AI Tooling Labs

The point

Make the invisible boundaries visible.

These labs are not the start of the whole journey. They are the start of the tooling journey after you have picked a model-access path. The model access page explains how you get to that point in the first place.

These are not polished products. They are practice pieces. By the end, you should have a tiny local stack that grows from model access into a command-line interface, tools, structured boundaries, memory, coordination, approvals, logs, and evals.

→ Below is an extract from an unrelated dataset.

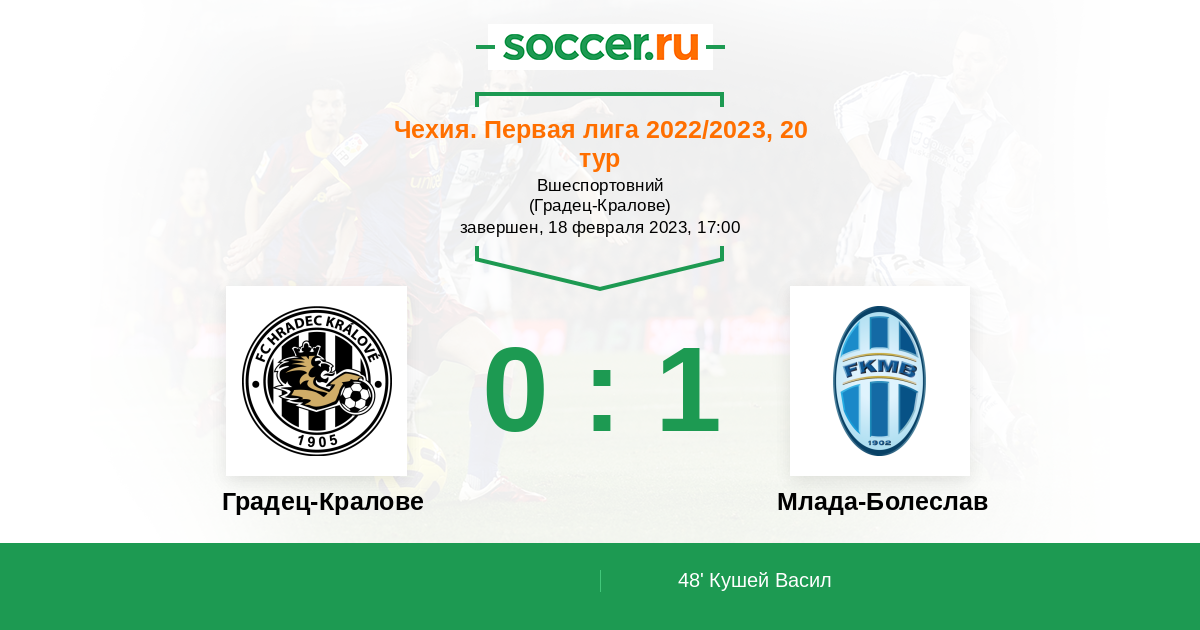 Чехия. Первая Лига 23.09.2012 Млада-Болеслав Логотип футбольный клуб Млада-Болеслав 1:0 Логотип футбольный клуб Градец-Кралове Градец-Кралове

The runnable files live in the repository's labs/ folder. This page explains the idea; the linked artifacts are the pieces to inspect, run, and change.

Recommended starts

Pick the shortest entry that matches where you already are.

You do not need to absorb the whole hub before choosing a path. Start from your actual situation, then come back to the full sequence when you want the broader build map.

Bootstrap first

Do this before lab 00.

The labs assume one thing only: you have chosen how you will reach a model. That choice can be a subscription product, a direct provider API, a managed model platform, a router, or a local host.

Pick the access path. Use starting paths if you are not sure whether you need a product, API, platform, router, or local host.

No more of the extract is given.